WASHINGTON The leaders of a congressional "super committee" squared off on Thursday over the hot-button issue of tax increases and how new revenues might fit into the panel's deficit reduction proposals.
Democratic co-chair Senator Patty Murray, at the start of the committee's hearing on the roughly $1 trillion in special interest breaks and loopholes that permeate the U.S. tax code, made clear she expects the panel to include some tax increases along with spending cuts in its final product.
"We have to address both spending and taxes," Murray said.
Republican co-chairman Representative Jeb Hensarling made clear he was more interested in overhauling the tax code to reduce income tax rates, which he said would help generate economic growth.
"My hope on this is we may be able to achieve rigorous agreement that fundamental tax reform, even if limited to American businesses, can result in both revenues from economic growth for the federal government and jobs for the American people," Hensarling said.
The 12-member bipartisan committee was created by an August deal that cleared the way for President Barack Obama to increase U.S. borrowing authority.

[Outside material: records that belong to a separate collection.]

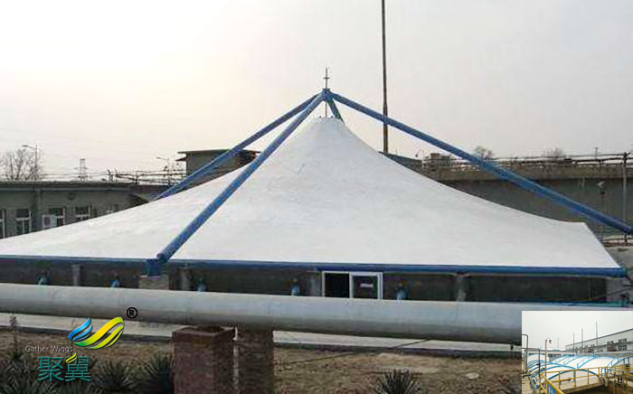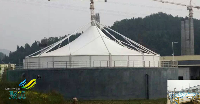 2.污水池加蓋優(yōu)質(zhì)的PVC涂層;改變了傳統(tǒng)涂層材料的表面特性,具有優(yōu)良的抗污染能力,能長(zhǎng)久保持清潔干凈,這樣,不僅增強(qiáng)了膜材的抗氧化性,而且延長(zhǎng)了膜材的使用壽命。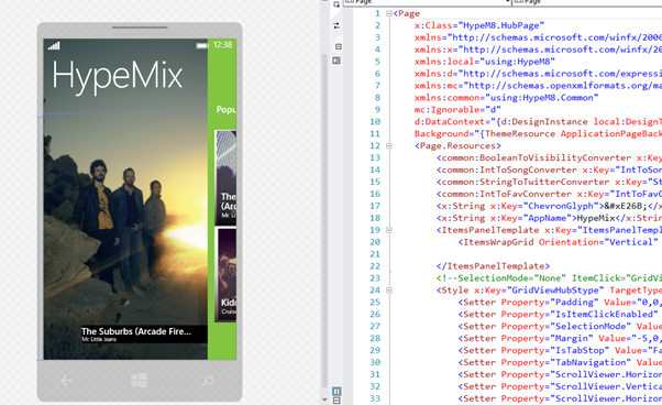 To my absolute delight, this worked and my styles came across. Emboldened by this I picked up the body of my existing Windows 8.1 HubPage.xaml and Ctrl-C, Ctrl-V’d it into a page on the phone. With the exception of about 15 errors relating to slight differences in the XAML, THIS ALSO WORKED! I EVEN GOT MY NICE DESIGN TIME EXPEREINCE!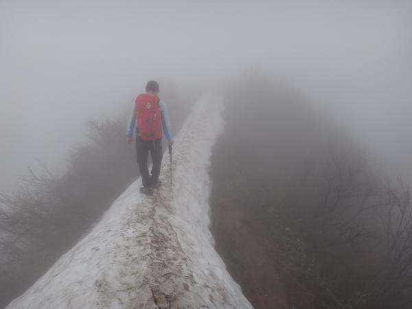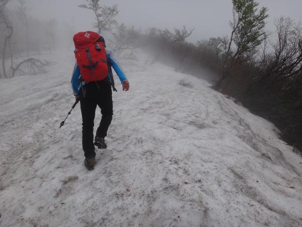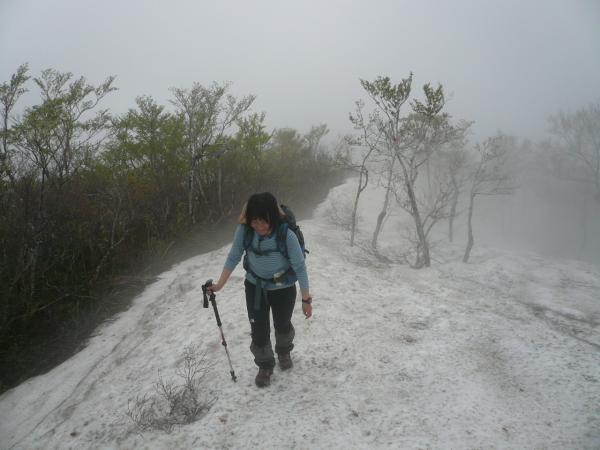 七合目辺りから残雪が深く、細い雪の稜線を慎重に一歩一歩進みます。展望が無いのでまるでカルピスの中を進むようです。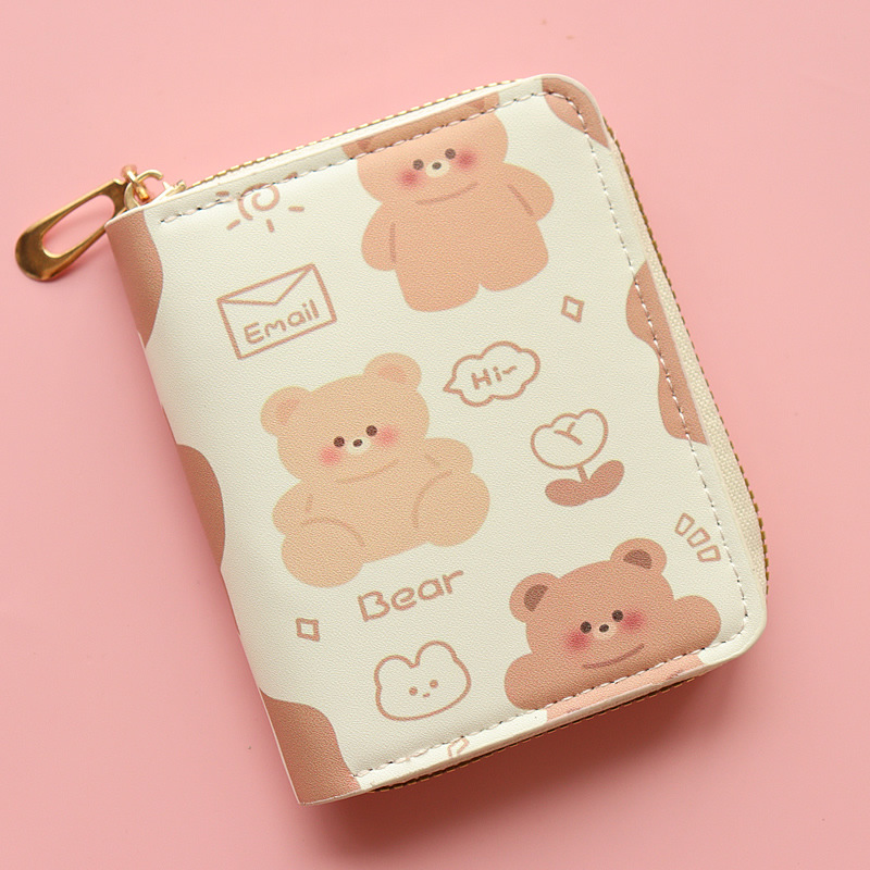 2025 새로운 패션 만화 학생 작고 귀여운 곰 지퍼 짧은 여성 지퍼 지갑 동전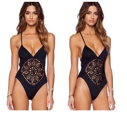 Women's black patterned one-piece swimsuit.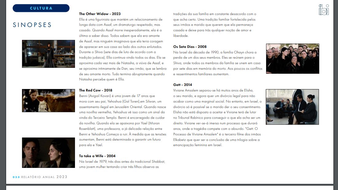 Instituto Brasil-Israel também faz propaganda do Sionismo através de mostras de filmes que procuram escamotear a realidade de Apartheid e Genocídio, ou seja, limitando a temática de filmes apresentados como "De Israel" a películas que não abordem a segregação racial.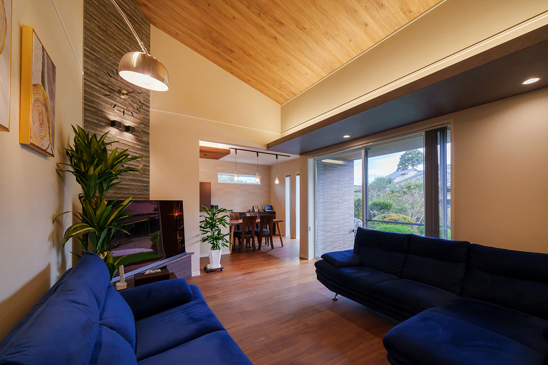 空間の広がりを感じられる、勾配天井のリビング。テレビ背面にエコカラットを貼り重厚感を演出しました。ワンフロアの二世帯同居ですが、お互いの寝室にほどよい距離感を設けてプライバシーに配慮しています。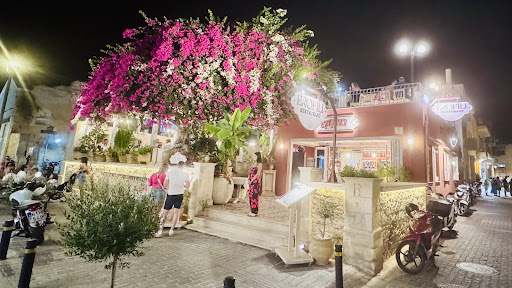 The restaurant offers a mix of Greek and international dishes in a beautifully designed space. The interior is impressive, with stylish décor and plenty of flowers that create a vibrant and welcoming atmosphere. The multi-level layout and outdoor terrace make it an attractive spot, especially for enjoying a drink.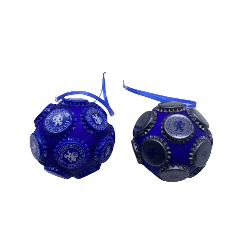 Handgefertigte Christbaumkugeln (2er-Set) aus originalen Puntigamer Kronenkorken.
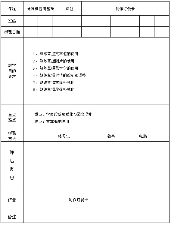 特色教案-制作订餐卡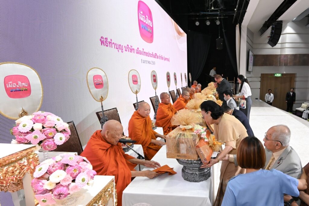 บริษัท เมืองไทยประกันชีวิต จำกัด (มหาชน) จัดพิธีทำบุญเสริมสิริมงคล เนื่องในโอกาสต้อนรับปีใหม่ ปี 2569 โดยมี นายโพธิพงษ์ ล่ำซำ ประธานกรรมการ เป็นประธานในพิธี พร้อมด้วยนางยุพา ล่ำซำ นายสาระ ล่ำซำ ประธานเจ้าหน้าที่บริหาร ดร.สุธี โมกขะเวส กรรมการผู้จัดการ นายภูมิชาย ล่ำซำ ที่ปรึกษาประธานเจ้าหน้าที่บริหาร คณะผู้บริหารและพนักงานร่วมในพิธี พร้อมประกาศเดินหน้าดำเนินธุรกิจด้วยความมุ่งมั่นในการส่งมอบความสุขและรอยยิ้มให้แก่ผู้มีส่วนเกี่ยวข้องทุกฝ่าย ควบคู่ไปกับการพัฒนาอย่างยั่งยืนในทุกมิติ ทั้งด้านผลิตภัณฑ์ ช่องทางการขาย คุณภาพการให้บริการที่ดี เข้าถึงได้ง่าย นวัตกรรมใหม่ ๆ ที่ตอบโจทย์ความต้องการได้อย่างลงตัว และการพัฒนาด้านบุคลากรรอบด้าน โดยมีเป้าหมายในการเป็นคู่คิดด้านการวางแผนชีวิตและสุขภาพที่ลูกค้าวางใจ พร้อมอยู่เคียงข้างดูแลในทุกช่วงของชีวิต อีกทั้งยังรักษาความเป็นผู้นำในธุรกิจที่เติบโตอย่างมั่นคงแข็งแกร่งอย่างต่อเนื่อง พิธีจัดขึ้น ณ เมืองไทยประกันชีวิต สำนักงานใหญ่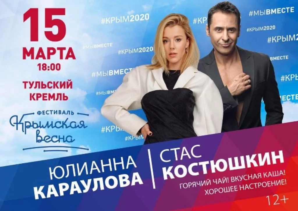 Фестиваль приурочен к воссоединению России и Крыма – «Крымская весна». 15 марта для туляков на празднике в Тульском кремле выступят Юлианна Караулова и Стас Костюшкин. Начало мероприятия: 18-00 по мск.

At Thursday's second public hearing, members concentrated on taxes, going over issues that have been debated by lawmakers for years.
Republicans are pushing the panel to undertake a tax code overhaul.
"The most pro-growth thing we can do is to fundamentally reform our tax code," said Republican Senator Pat Toomey.
The November 23 deadline for the panel to present recommendations to the Senate and U.S. House of Representatives gives the panel of six Republicans and six Democrats little time to rewrite the U.S. tax code.
OVERHAUL AS AN ELECTION ISSUE
The panel could lay the groundwork for a broad tax overhaul by instructing the tax-writing House Ways and Means Committee and Senate Finance Committee to develop tax reform legislation for Congress to consider next year.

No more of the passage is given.